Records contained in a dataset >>
============

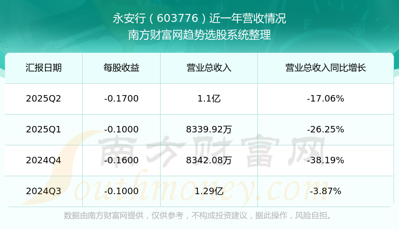 于2025年第二季度,永安行披露了其業(yè)績表現(xiàn),其中主營業(yè)務(wù)收入1.1億元,相較于去年同期-17.06%。此外,公司歸屬于母公司的凈利潤為-4085.06萬元,同比增長了-1452.46%。在扣除所有非經(jīng)常性損益后,凈利潤-4166.38萬元,同比增長-100.71%。
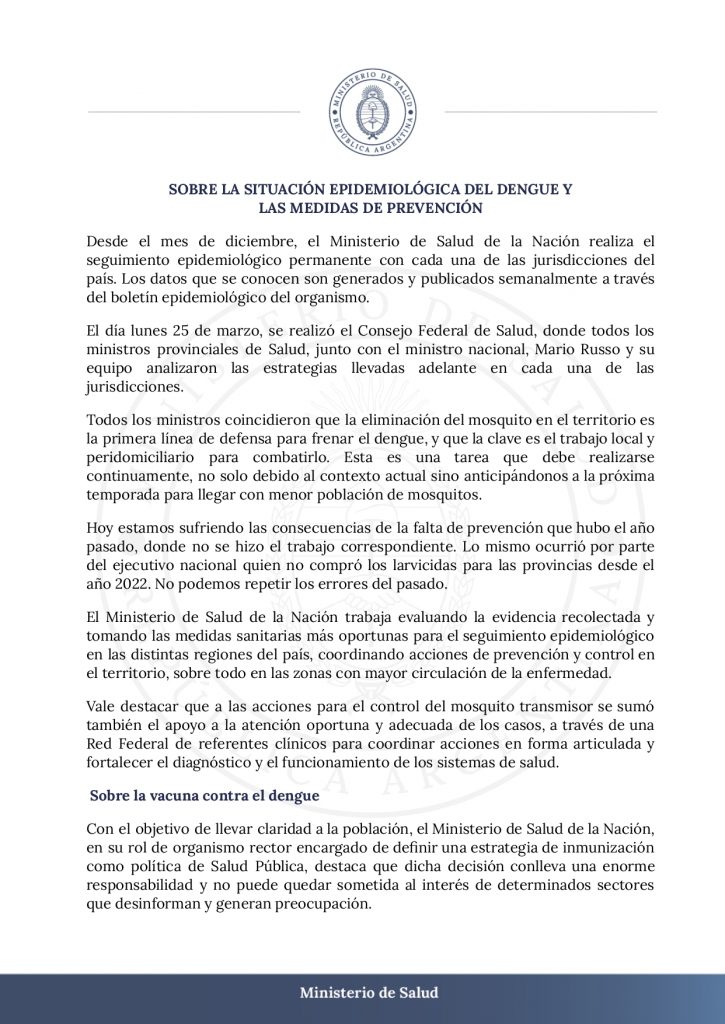 “Estamos sufriendo las consecuencias de la falta de prevención que hubo el año pasado, donde no se hizo el trabajo correspondiente”, aseguraron. “Lo mismo ocurrió por parte del ejecutivo nacional quien no compró los larvicidas para las provincias desde el año 2022. No podemos repetir los errores del pasado”, denunciaron.
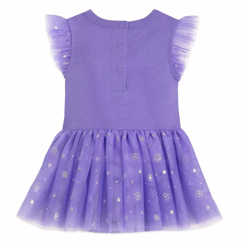 Baby will look dazzling and adorable in this fun dress. The purple frock features glittering Minnie Mouse screen art against a deco design, and tulle sleeves and skirts with a shiny firework print.
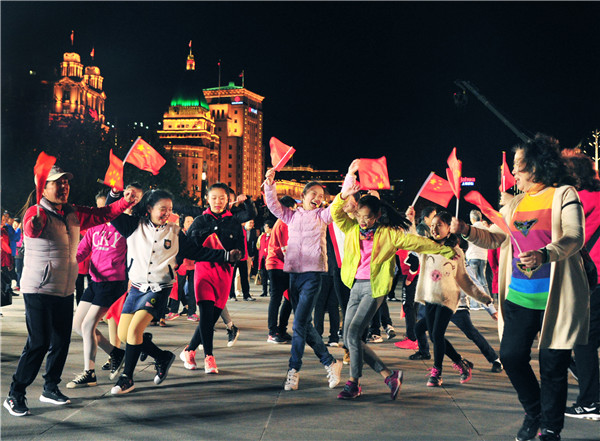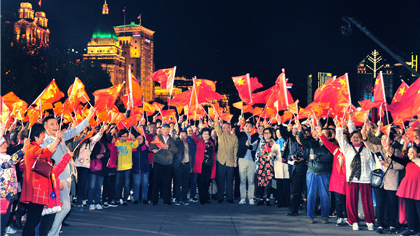 昆曲藝術(shù)家張軍、新聞主播葉蓉、和平飯店爵士樂隊、黃浦區(qū)勞模代表、春天少年合唱團(tuán)的少年們……出人意料地閃現(xiàn)在人流如梭的外灘,用不同的方式唱響《我和我的祖國》。外灘成了一片紅色的歡樂海洋:輪滑少年手執(zhí)國旗在人群前滑過,江邊和浦江游輪上的人們興奮地互相舞動著國旗,鐘樓在燈光投射下“身披”一面巨型國旗……越來越多的游人圍聚過來跟著一起高歌,人們拿出手機(jī)記錄下這一特別的時刻。歌曲結(jié)束時,歡呼聲響徹外灘!拔覑壑袊,我愛上!保⒆觽?nèi)杠S高呼。
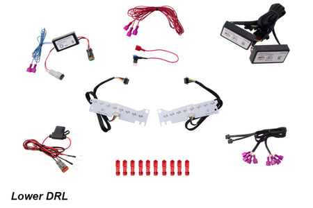 Features Adds multicolor function and amber turn signal (RGBWA only) to the upper and lower DRLs. Automatically switch to white while driving. Smartphone Bluetooth control. CAD-designed for perfect fitment. Engineered and assembled in USA. Overview OEM Style, Multicolor Function. This kit is compatible with Chevrolet Camaro which has white LED DRLs in the headlamps and lower DRL housing from the factory. By replacing the circuit boards inside with Diode Dynamics LED circuit boards, you can add full multicolor functionality, to seriously make your ride stand out! RGBW This product is not just RGB, it is RGBW! That means there is an extra LED chip that is specifically white in color, right next to the standard red, green, and blue LEDs. By using the included Bluetooth RGBW controller, you can activate and control the white chip independently of the colors. This provides a much more uniform, pure, and bright white color for everyday driving. One RGBW Bluetooth Controller will control both the upper and lower DRL boards simultaneously. DRL Override.The RGBWA LED boards have an optional DRL override feature which allows you to automatically switch the LEDs to a high-brightness White color. This means you can leave the LEDs set to an accent color of your choice, then automatically switch to White while driving. What's Included? RGBWA Upper or Lower DRLs: Two (2) sets of LED boards, lower Two (2) waterproof drivers Two (1) JST pigtails One (1) DRL Power Wire One (1) Add A Fuse Wire One (1) SolidState Relay Harness One (1) Battery Input Wire One (1) zip tie Ten (10) T-taps One (1) RGBW Bluetooth Controller

============

What you need to do >> Instructions for the copy: start at the first entry, stop after the line containing "sufriendo las consecuencias", keep every line exact, and drop the pictures.

Exercise solution >>
 于2025年第二季度,永安行披露了其業(yè)績表現(xiàn),其中主營業(yè)務(wù)收入1.1億元,相較于去年同期-17.06%。此外,公司歸屬于母公司的凈利潤為-4085.06萬元,同比增長了-1452.46%。在扣除所有非經(jīng)常性損益后,凈利潤-4166.38萬元,同比增長-100.71%。
 “Estamos sufriendo las consecuencias de la falta de prevención que hubo el año pasado, donde no se hizo el trabajo correspondiente”, aseguraron. “Lo mismo ocurrió por parte del ejecutivo nacional quien no compró los larvicidas para las provincias desde el año 2022. No podemos repetir los errores del pasado”, denunciaron.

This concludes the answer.